1. Automatic Availability Detection

# Before querying, system checks:
- Does website have scraped content? (query DB)
- Are there active FAQs? (count)
- Is there unanswered history? (check logs)

# Only queries available sources
# Skips empty ones automatically

2. Confidence-Based Selection

# Even if FAQ found, may use Industry KB if higher confidence
FAQ: confidence = 0.65
Industry KB: confidence = 0.90

→ Selects Industry KB (higher confidence)

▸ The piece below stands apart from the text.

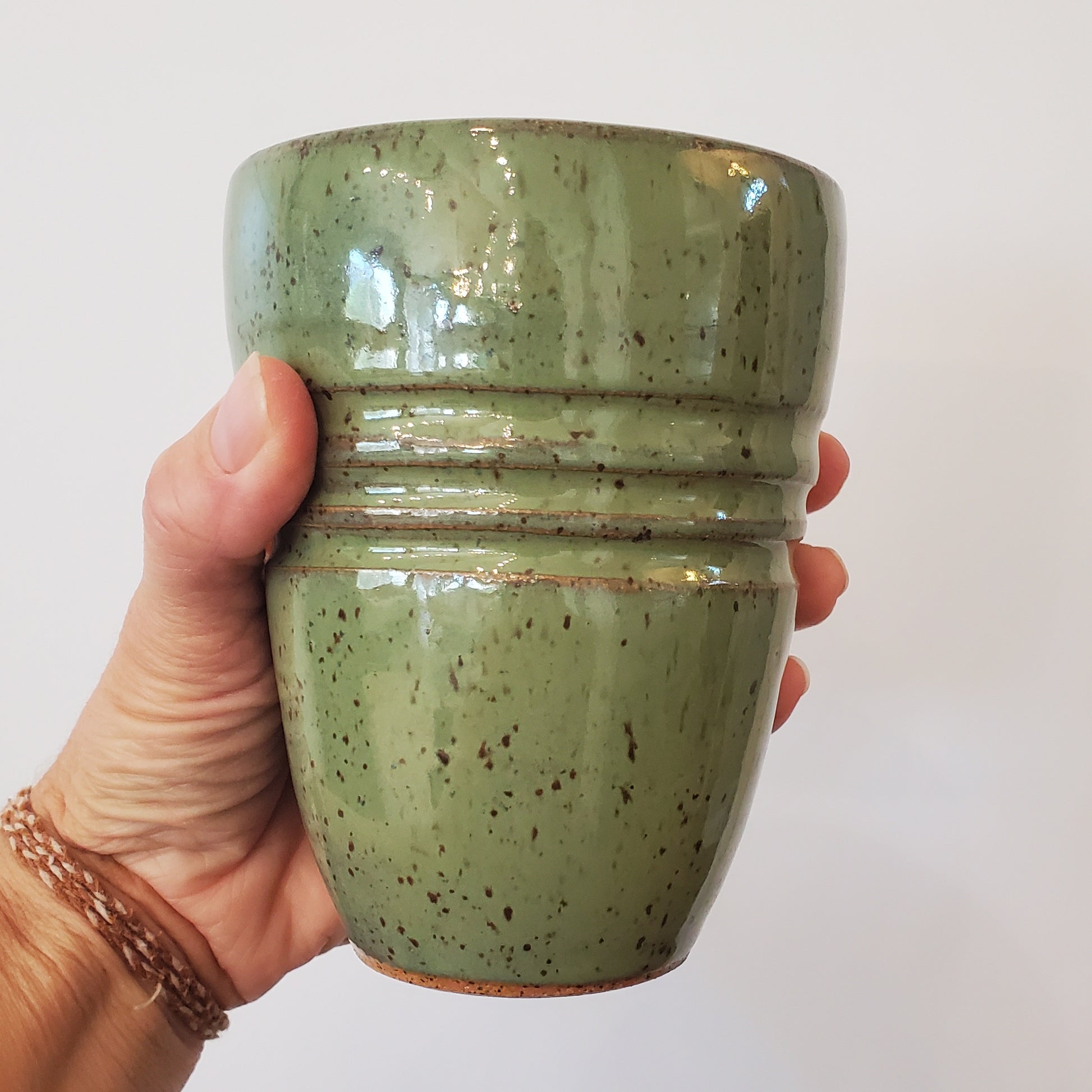 A handcrafted ceramic cup glazed in earthy green with natural speckling and subtle ridges for added texture and grip. Microwave and dishwasher safe.

3. Unanswered Question Logging

# If confidence < 0.5 or not found:
log_unanswered_question(query, website_id)

# Later, admin can:
- Review unanswered questions
- Add to FAQ manually
- Improve knowledge base

4. Learning from History

# Future feature:
# If same question asked multiple times
# → Auto-suggest adding to FAQ
# → Learn patterns

💻 Usage Example

from app.services.unified_data_manager import get_unified_manager

# Initialize with database session
manager = get_unified_manager(db_session)

# Query (any language)
result = await manager.query(
    user_query="mujhe bukhar hai",  # Roman Urdu
    website_id=123,
    industry="healthcare",
    session_id="session_456"
)

# Result:
{
    "answer": "Aapko bukhar hai. Mumkina bimariyan: Flu...",
    "source": "industry_knowledge",  # Which source was used
    "confidence": 0.90,
    "language_detected": "ur-roman",
    "intent": "INDUSTRY_KNOWLEDGE",
    "data_sources_checked": ["faq", "industry_knowledge", "llm_fallback"]
}

🎯 Data Source Priority Matrix

Intent 1st Priority 2nd Priority 3rd Priority Fallback
FAQ FAQ (1.0) Scraped (0.8) Industry (0.6) LLM (0.5)
Industry Knowledge Industry (1.0) FAQ (0.7) Scraped (0.5) LLM (0.5)
Business Specific Scraped (1.0) FAQ (0.8) Industry (0.4) LLM (0.5)
Creative LLM (1.0) - - -

✅ Benefits

1. Graceful Degradation

  • If primary source empty → automatic fallback
  • User always gets an answer
  • No errors shown to user

2. Multilingual Support

  • Same code handles all 3 languages
  • Automatic translation in/out
  • Language-aware responses

3. Context-Aware Routing

  • Intent determines priority
  • Industry influences search
  • Confidence-based selection

4. Learn and Improve

  • Logs unanswered questions
  • Track what users ask
  • Identify knowledge gaps

5. Flexible Architecture

  • Easy to add new data sources
  • Configurable priorities
  • Modular components

🚀 Future Enhancements

  1. Vector Search: Use embeddings for better matching
  2. Hybrid Retrieval: Combine keyword + semantic search
  3. Answer Fusion: Merge answers from multiple sources
  4. Learning Loop: Auto-improve from unanswered questions
  5. Caching: Cache frequently asked questions
  6. Analytics: Track which sources perform best

📊 Summary

Your Problem: Multiple data sources, may be empty, 3 languages, need smart routing

Solution: Unified Data Source Manager

  • ✅ Automatically checks all sources
  • ✅ Prioritizes by intent
  • ✅ Handles empty data gracefully
  • ✅ Works in any language
  • ✅ Always provides answer (LLM fallback)
  • ✅ Logs unanswered for learning

Result: One unified interface that intelligently handles everything!